Ora, invece, mi ritrovo qui seduta e la voglia di parlare con mio padre aumenta sempre di più.

«Ciao papà, come stai?
Scusa se ultimamente non sono venuta a trovarti, ma è un dolore troppo grande.
Da quando non ci sei più qui sta andando tutto a rotoli.
La mamma è sempre più stanca, dice di star bene ma io so che non è così.
So che, tutte le volte in cui si chiude in camera sua, scoppia a piangere.
Le manchi davvero tanto.
Io? 
Io sono distrutta papà, sento di potermi spezzare da un momento all'altro.
Non so se da lassù sei riuscito a vedere cosa mi hanno fatto.
Spero con tutto il cuore che tu non abbia visto niente.
Comunque sono sicura che se tu fossi stato qui mi avresti protetta come solo tu sapevi fare»  sussurro, tra i singhiozzi.
Il liquido rossastro brucia all'interno della mia gola come acido mentre le mie dita accarezzano dolcemente il viso di mio padre.

«Non so se realmente tu stia vegliando su di me.
Non ci credo poi così tanto a tutte quelle cazzate che si dicono quando una persona muore.
La gente crede in queste cose semplicemente perchè fa meno male, è più facile mentire a sè stessi piuttosto che affrontare una perdita.
Sarei una bugiarda, però, se non ammettessi che ho un disperato bisogno di sapere che davvero ci sei e che non mi hai abbandonata.
Non vedo una via d'uscita, non riesco a trovare la luce e mi sembra di impazzire papà»
Strizzo gli occhi, lasciando che le lacrime si riversino lentamente a terra.
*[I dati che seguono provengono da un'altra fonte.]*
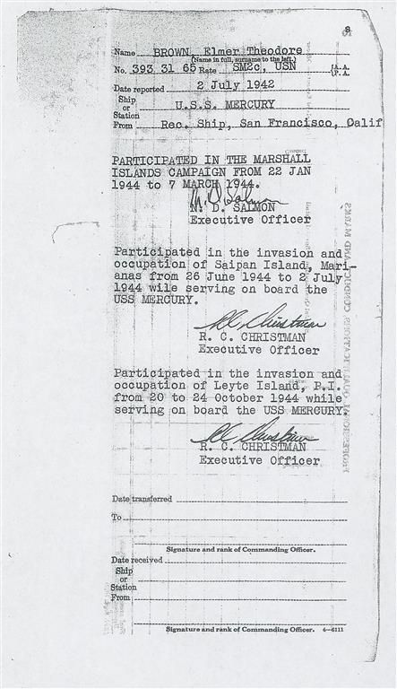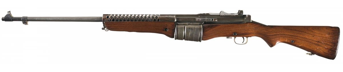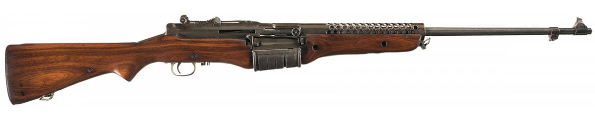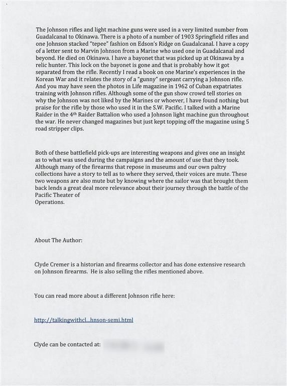 This is a historic example of a very scarce early WWII Johnson Semi-Automatic rifle as designed by Melvin Johnson. This rifle along with an M1 Garand Rifle (see below) was a late WWII battlefield pickup. The serial number of this rifle "9812" place manufacture of these rifles in early 1940/41 time frame. Both of these rifles were picked up by a sailor from the USS Mercury (AK-42) which was a transport and resupply ship that was launched in July 1939 that served her entire duty in the Pacific Theater. The associated documentation identifies the original owner (sailor) as Elmer Theodore Brown, who was originally posted to the USS Lexington in Jan 1940 and served on her until she was sunk during the battle of Coral Sea, May 1942. At that time he was transferred to the USS Mercury and served on her through the end of the war. During this time he participated in the following landing reinforcements: Guadalcanal Dec 1942, the Marshall Island Campaign June-July 1944, the invasion of Leyte Island P.I. October 1944, and the invasion of Lingayen Gulf, Luzon Jan 1945, and finally as a support member of the Task Force 58 during the invasion of Okinawa March-May 1945. Somewhere in one of these campaigns is where he picked up this rifle when evacuating casualties from the battle field. The receiver is marked with the standard five line patent dates followed by the four line "JOHNSON AUTOMATICS/MODEL OF 1941" logo, address and the serial number "9812". The center barrel support flange is marked "30-06" and "41" for the year of manufacture with the breech end of the barrel marked "30-06" and "45-506" with a small "41 stamped on the barrel lug. The guards on either side of the front sight blade has been ground down to the base, which has been noted in some literature as being the style preferred by the Marines. The right rear side of the receiver is stamped with a small five-pointed star over an inverted triangle with "CRANSTON/ARMS/CO." inside. The right side of the rear sight is stamped "METERS" with "M2" stamped on the left side. Oil finished two-piece walnut stock with a checkered steel buttplate. In the documentation that accompanies this fabulous rifle the consignor has stated that this rifle was passed from the original Navy veteran to his brother and then on to his nephew, consequently this rifle has remained in the same family since being liberated during WWII that's 68 years in the same family! What providence!

«Ci avrei scommesso che eri qui» afferma una voce alle mie spalle.
Gianluigi prende posto accanto a me senza proferire parola, strappa la bottiglia dalle mie mani e manda giù una lunga sorsata di Vodka.
«A tuo padre» solleva la bottiglia lasciandola alzata a mezz'aria per qualche secondo per poi porgermela.
D'istinto poggio la testa sulla sua spalla beandomi di quel contatto fraterno e, per una volta, lascio che il muro che ha cementato il mio cuore si sgretoli di fronte a una delle poche persone che realmente darebbe la vita per me.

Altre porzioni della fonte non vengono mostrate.